QuoteThese observations suggest that we cannot assume COVID-19 vaccines, even if shown to be effective in reducing severity of disease, will reduce virus transmission to a comparable degree. The notion that COVID-19-vaccine-induced population immunity will allow a return to pre-COVID-19 %u201Cnormalcy%u201D might be based on illusory assumptions.

On the plus side, the Nature summary does say that safe vaccines are likely to be months rather than years away.

MojoJojo

Quote from: steveh on September 23, 2020, 12:21:40 PM
Nature published a summary of where things are with different projects today. From a quick skim I think several candidates are said to be better at producing a T-cell response than sustained antibodies. That would fit in with the Lancet piece saying:

On the plus side, the Nature summary does say that safe vaccines are likely to be months rather than years away.

I'm not sure that's true. I mean, T-cells can activate memory B-cells to produce antibodies for previously seen infections. Really I think the immune system is complicated enough that I don't think it's really possible to have a useful discussion about potential covid vaccines unless you have a relevant degree. About all you can say is they might be effective, they might not.

steveh

Yes, ignore that bit... Another summary of the paper does conclude though that "most vaccines will only protect from lower respiratory tract infection but might not induce 'sterilizing immunity'. That means they will protect people from illness, but could still allow for transmission to the unvaccinated."

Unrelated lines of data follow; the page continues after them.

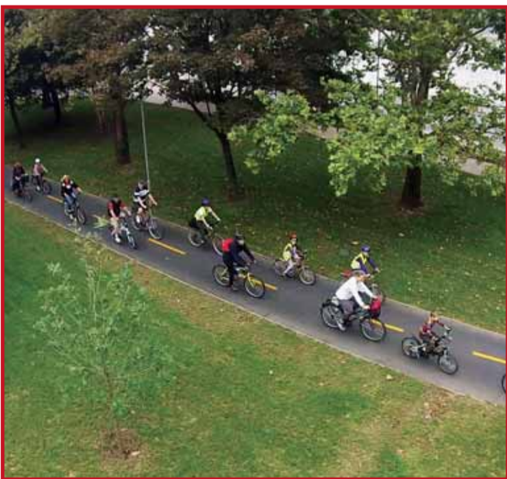
Budapesten az elmúlt években robbanásszerűen nőtt a biciklit, mint közlekedési eszközt rendszeresen használók száma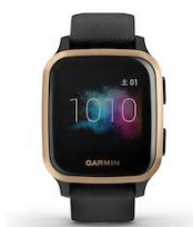
Garmin Venu Sq Music Black/Rose Gold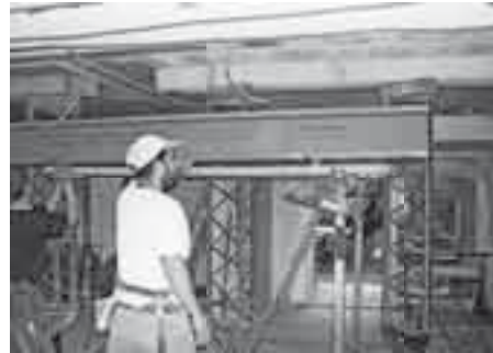
war das der Bäckerei-Laden der dreischiibe?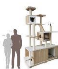
一体式家居猫别墅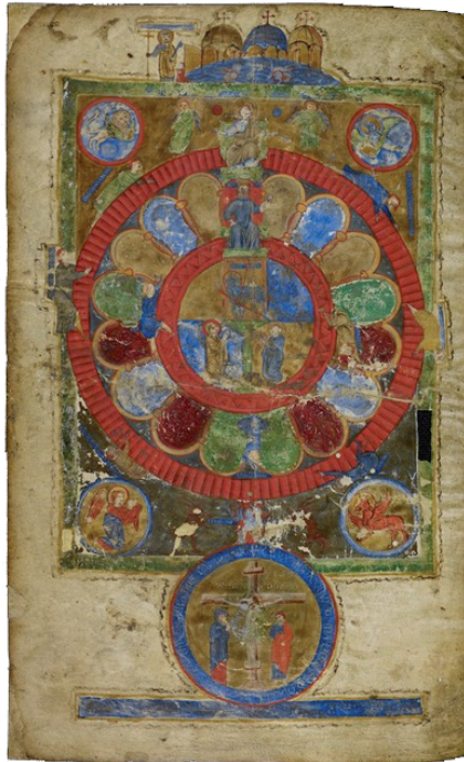
Fig. 4 – Berlin, Staatsbibliothek, Hamilton 390 (già Saibante), f. 2v.

na, di buona qualità – il non perfetto stato di conservazione non deve fuorviarci in questo giudizio – e soprattutto molto interessante per la concezione cui si ispira: è infatti costituita da due ruote di Fortuna, concentriche; quella più interna è la tradizionale ruota di Fortuna, con un personaggio che prima sale fino a diventare un monarca, poi perde la prosperità e infine precipita a terra. La ruota esterna è invece una ruota di ispirazione religiosa, che mostra la sorte morale dell'individuo: se è buono ascende, fino a giungere al Paradiso – un Paradiso qui caratterizzato dall'inconfondibile silhouette della basilica di San Marco a Venezia; se invece si comporta male scivola lungo la ruota fino a precipitare nell'Inferno, dove due orribili diavoli lo attendono accanto al fuoco eterno. Al centro delle due ruote c'è una scena di adorazione dell'Agnello mistico; segue, in basso, l'immagine della Crocefissione, mentre ai quattro lati della ruota più esterna dominano i simboli degli evangelisti – il cosiddetto Tetramorfo.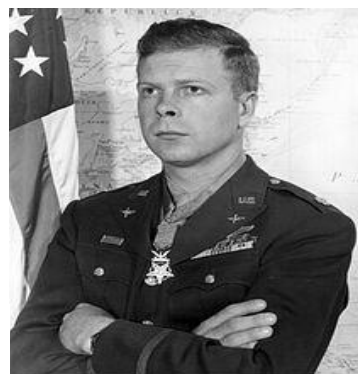
Ричард Айра Бонг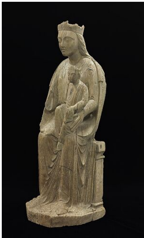
Vierge à l'enfant, début XIIIe, musée de l'Hôtel-Dieu

Plus d'informations dans la rubrique « Musée de l'Hôtel-Dieu ».

This is interesting on what's being found in how the virus gets around the immune system:

QuoteThe common thread in the research is the lack of a substance called interferon that helps orchestrate the body's defense against viral pathogens and can be infused to treat conditions such as infectious hepatitis. Now, increasing evidence suggests that a significant minority of Covid-19 patients get very ill because of an impaired interferon response. Twin landmark studies published Thursday in the journal Science showed that insufficient interferon may lurk at a dangerous turning point in SARS-CoV-2 infections.

"It looks like this virus has one big trick," said Shane Crotty, a professor in the Center for Infectious Disease and Vaccine Research at the La Jolla Institute for Immunology in California. "That big trick is to avoid the initial innate immune response for a significant period of time and, in particular, avoid an early type-1 interferon response."